Amy Biehl

Just a few weeks ago a middle aged, fairly well off husband and wife from California took a poor, black South African couple from Cape Town out to lunch. The young man works for their Foundation. His girlfriend works in the Standard Bank. The Americans raise several million dollars a year in the US to support community projects in The Cape. The fund is called The Amy Biehl Foundation after their daughter. The two couples see a fair amount of each other. But this weekend the Americans were giving the younger ones a treat. Lunch in Franschhoek a one of the smarter towns in the wine district. It was a bit of R&R for everybody. A day out. A nice gesture. An ordinary event. Even though the young man murdered their daughter.

In fact he was one of four young political activists convicted of the crime. And how this American couple have become friends, and even surrogate parents, to two of those four young men is a remarkable tribute to this couple’s individual humanity and their generosity to others and to each other. But it’s also intrinsically to do with the process of reconciliation in South Africa and the life changing honesty of the young men in coming to terms with their past and creating a future for themselves and their communities. Peter Biehl says quite firmly “If it had not been for the Truth & Reconciliation Commission I would never have met these guys and never have been able to care.”

Amy was the second child of four in Peter and Linda Biehl’s family of three girls and, the youngest, a boy. A bright, popular, enthusiastic and high achieving girl, whether in diving class which she loved or ballet which she did not, she was, for her short adult life, a professional activist for the process of democracy. After Stanford University she went to work for the National Democratic Institute a non-profit US organisation supporting emerging democracies around the world. By the time she was twenty-six she had already been active in Namibia, Ivory Coast, Malawi, Burundi and Kenya and had given up her job at the Institute only when she got a $35,000 Fulbright Scholarship to spend a year in South Africa. She went to study women in the transition to democracy at a crucial time just as the fifty-year race war of Apartheid was ending and the negotiations for free elections were coming to fruition.
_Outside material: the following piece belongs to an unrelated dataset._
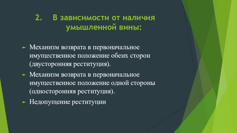 Механизм возврата в первоначальное имущественное положение одной стороны (односторонняя реституция).

She arrived in 1992 two years after Nelson Mandela’s release from gaol. It was a perilous time. While the negotiation of a peace treaty between the ANC and the National Party was moving forward, although achingly slowly, in Cape Town and its townships of Guguletu and Kayaleitscha (spelling???), there was a great deal of danger and unrest.

Ntombeki Ambrose Peni, the slight, very quietly spoken and thoughtful young man lunching with the Biehls in Franschhoek, was seventeen when Amy arrived in South Africa. Since his early teens he had been involved with the politics of the fight against apartheid. Ousoek, the grandfather who brought him up in the township of Guguletu and a highly political man, used to tell him stories about the soldiers who were “killers” and the white people who were “the enemy”. His grandma would tell her husband not to talk that way to such a young child, but the old man just grumbled, “let the kid grow up”. By twelve years old Peni was collecting empty bottles from the shops and learning how to make them into bombs. The township where he lived was he says “like Beirut”. Black people were surrounded by daily stories of torture. Neighbours returned from gaol with their hair burnt off by acid. Someone’s brother had his neck wrung like a chicken by the Police. Peni was being reared politically on the rhetoric of the Pan African Congress (PAC), founded at the end of the fifties and which had come to prominence as the leader of the famous ‘pass law’ campaign. They were deeply critical of the ANC. By 1993 in the townships the slogan was “One Settler, One Bullet”. Operation Storm, as it was called by the PAC, set out to make the townships ungovernable. Government vehicles were to be set on fire, white people were to be stoned in the cause of returning the African land to the Africans. And on the 25 August 1993 Peni was elected chairperson of the Langa High School Unit of the Pan African Students Organisation (PASO).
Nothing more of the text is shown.